Records from a data source
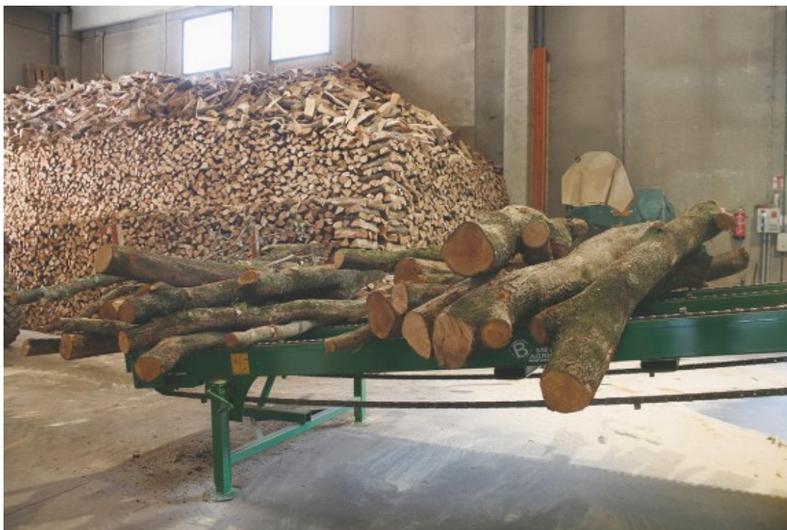
Troncs i llenya emmagatzemada a Sant Pau de Segúries

"En el fons el que volem és dinamitzar la gestió forestal perquè la necessitem per adaptar-nos al canvi climàtic, per fer prevenció d'incendis, però també per extreure el propi recurs del bosc", ha dit Sanitjas.
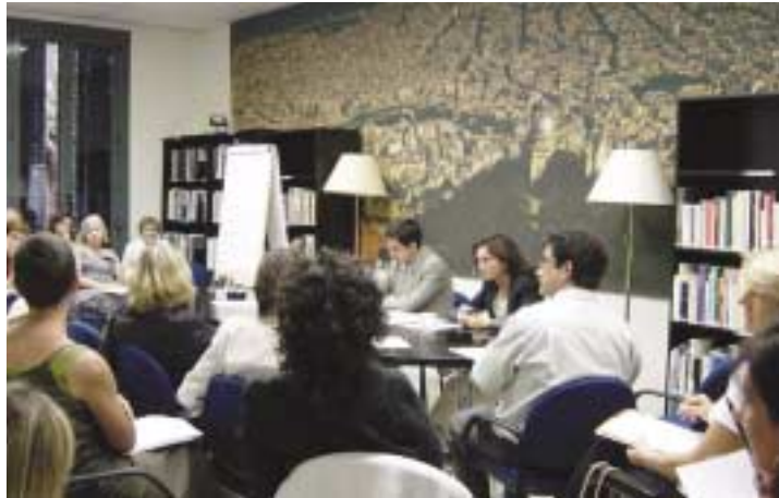
Reunió de la Subcomissió de Capital humà

El resultat final dels seus treballs ha estat objecte d'una edició en la col·lecció de documents de treball del Pla. En qualsevol cas i a tall de resum, molt esquemàtic, es destaquen els temes que han estat analitzats per cadascuna d'elles, segons la descripció següent:
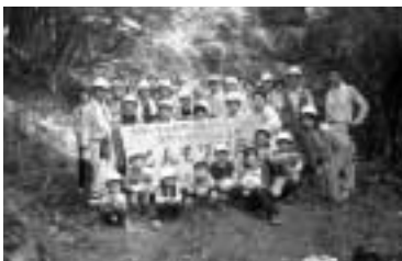
夏休みの思い出づくりに

囲 6月17日から申込用紙を直接、区役所地域振興課 ☎856-3135、☎856-3280。[先着順] 申込用紙は区役所で配布中
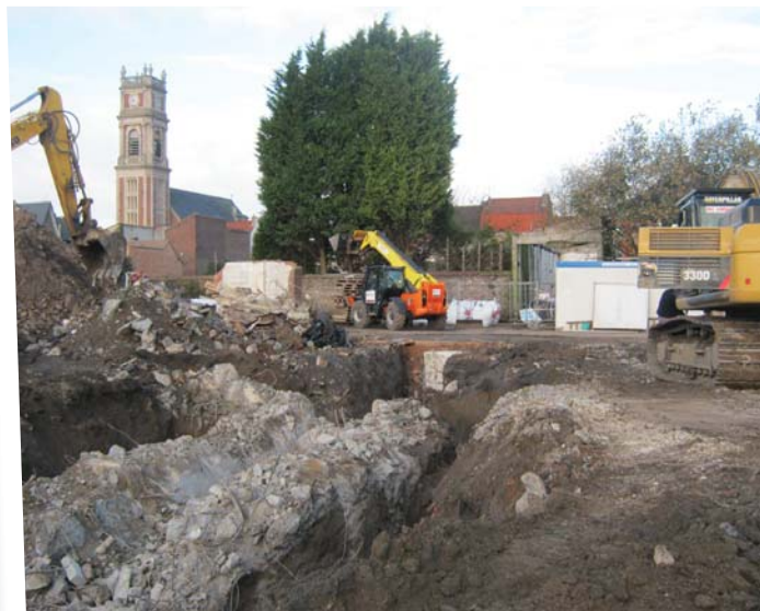
Nov. 2012 : même point de vue du site durant les travaux menés par l'EPF
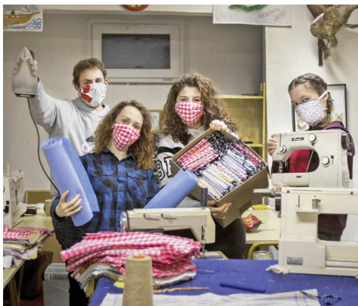
Skauti šijí ochranné roušky.

EXERCISE PROMPT — From the first line to the last, retype the data above exactly, but not its images.

THE ANSWER —
Troncs i llenya emmagatzemada a Sant Pau de Segúries

"En el fons el que volem és dinamitzar la gestió forestal perquè la necessitem per adaptar-nos al canvi climàtic, per fer prevenció d'incendis, però també per extreure el propi recurs del bosc", ha dit Sanitjas.
Reunió de la Subcomissió de Capital humà

El resultat final dels seus treballs ha estat objecte d'una edició en la col·lecció de documents de treball del Pla. En qualsevol cas i a tall de resum, molt esquemàtic, es destaquen els temes que han estat analitzats per cadascuna d'elles, segons la descripció següent:
夏休みの思い出づくりに

囲 6月17日から申込用紙を直接、区役所地域振興課 ☎856-3135、☎856-3280。[先着順] 申込用紙は区役所で配布中
Nov. 2012 : même point de vue du site durant les travaux menés par l'EPF
Skauti šijí ochranné roušky.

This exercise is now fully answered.